Die Enge der verwinkelten Gänge, das bruchbudenhafte der Wellblechhüten, das fahle Licht zwischen den Behausungen und nicht zuletzt das allgegenwärtige Chaos und das sich immer wieder bahnbrechende soziale Elend machen aus der riesenhaft wirkenden Siedlung eine alptraumhafte Parallelwelt. Begleitet von einem peitschenden Dauerregen der im Filmverlauf ganze Abschnitte unter Wasser setzt, saugt die Kamera die von diesem Ort ausgehende tödliche Gefahr geradezu auf. Der Schweiß, das Blut und all der Dreck sind fast mit Händen greifbar. Matti bleibt dabei sehr auf Tuchfühlung. Die Kamera klebt mitunter förmlich an den Personen. Was sehr förderlich für den Szenenaufbau ist, erweist sich aber in den Actionszenen ab und an als nicht wegzudiskutierender Nachteil. Die recht aktive Kamera lässt einige Bewegungen aus dem Bild verschwinden oder undeutlich werden. Eine weniger hektische Kameraführung wäre hier definitiv die bessere Wahl gewesen.
Das ist allerdings Meckern auf hohem Niveau, denn insgesamt rockt die ausufernde Daueraction schon sehr amtlich und hält gleich mehrere höchst erinnerungswürdige Momente parat. Sei es der harte Kampf in einem von Blitzen nur temporär erhellten Raum, der mitreißend gefilmte erster Zusammenstoß mit einem dutzend aufgebrachter Ghetto-Bewohner und natürlich die lange Sequenz, in der auf Dächern, am Boden und in runtergerockten Wohnungen in wilder Raserei aufeinander eingedroschen wird.

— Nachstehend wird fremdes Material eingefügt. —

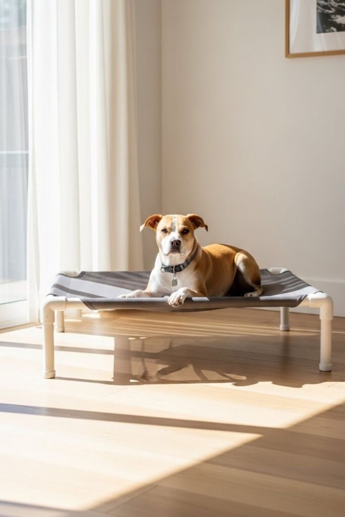 Breathable fabrics and higher beds might help with airflow if your dog gets too hot.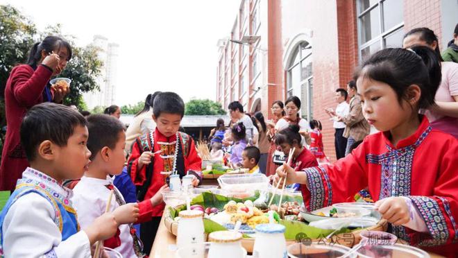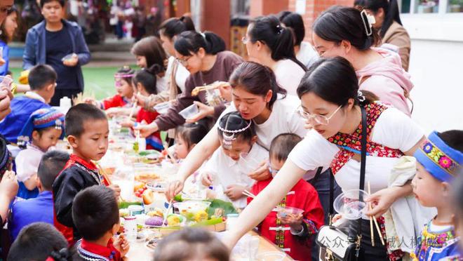 4月9日,柳城縣中心幼兒園舉辦“潮起三月三 奮進新征程”慶?;顒?。全體師生身著少數(shù)民族服飾載歌載舞,擺設(shè)長桌宴,共享美食,歡慶“廣西三月三”。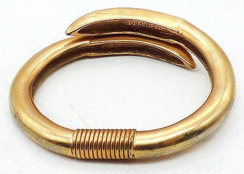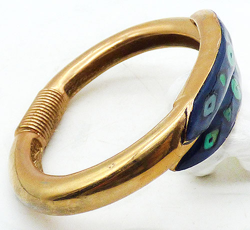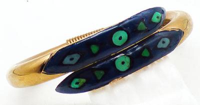 Description: Eisenberg vintage gold plated and enamel bypass bracelet; the golden tubular band flattens out as the pointed ends bypass each other across the top. The navy blue enamel is decorated with green, turquoise and slate blue shapes. The band is spring loaded on the bottom for easy on/off. Signed 'Eisenberg©' on the back of both ends.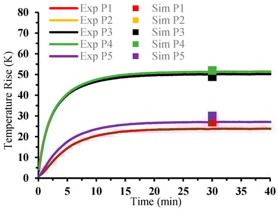 Upon conducting the experiments at an airflow speed of 10 m/s and a turbulence intensity of 0.5%, temperature increases across various locations were recorded, with findings detailed in Figure 7. In response to these empirical outcomes, simulation parameters were fine-tuned to align with the experimental conditions, facilitating a direct comparison between the simulated and actual temperature rises, as illustrated in the same Figure.
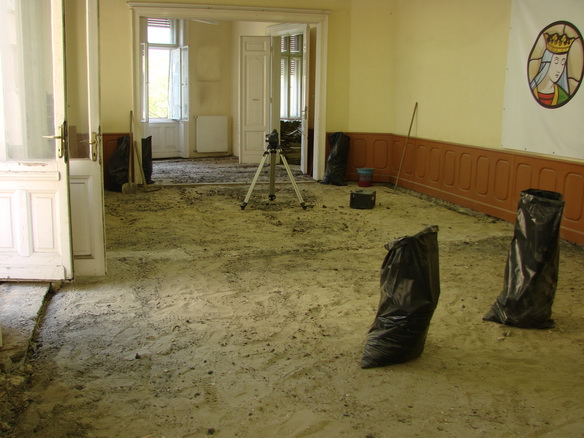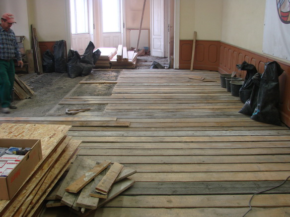 2014 Magyar Sakkszövetség szegezett parketta cseréje szalagparkettára.
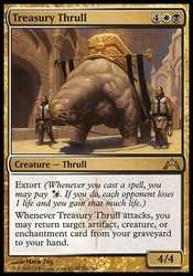| Card Text | Extort (Whenever you cast a spell, you may pay . If you do, each opponent loses 1 life and you gain that much life.)Whenever Treasury Thrull attacks, you may return target artifact, creature, or enchantment card from your graveyard to your hand. |

Nach den bis zum Schluss dominierenden Kämpfen gegen dutzende Gegner legt Matti den Schwerpunkt im abschließenden Segment wieder auf weniger breit angelegte Konfrontationen. Lässt die Mündungen von Schnellfeuerwaffen glühen und leitet das eigentliche Finale mit einem Fight im kleineren Maßstab ein. Die dort dargebotenen Stunts lassen jede Menge Glas bersten und sind von Matti im Geist des einst vollkommen freidrehenden Action-Kinos aus Thailand in Szene gesetzt. Darüber hinaus sind ebenfalls die Einflüsse des goldenen Zeitalters des Hong-Kong-Actioncinema sichtbar. Von der tänzerischen Eleganz der Best-Of-Kampfchoreographien der damaligen Zeit fehlt bei BUYBUST zwar jede Spur. Nichtsdestotrotz kann man Mattis Film durchaus als Fortführung der damals enorm populären Actionreißer mit weiblicher Hauptrolle deuten.
BUYBUST ist ein rund zweistündiges Actionfeuerwerk, das seine Konkurrenz oftmals sehr alt aussehen lässt. Erik Matti entwirft hier eine, im Genre-Kino zeitgenössischer Prägung selten gesehene, Dringlichkeit die sein knochensplitterndes High-Octane-Spektakel zu einem außergewöhnlich intensiven Filmerlebnis macht. Der Weg für weitere Regie-Arbeiten dürfte hoffentlich geebnet sein. Die Messlatte ist jedoch hoch. Seien wir gespannt, welche Richtung der Regisseur in Zukunft einschlägt.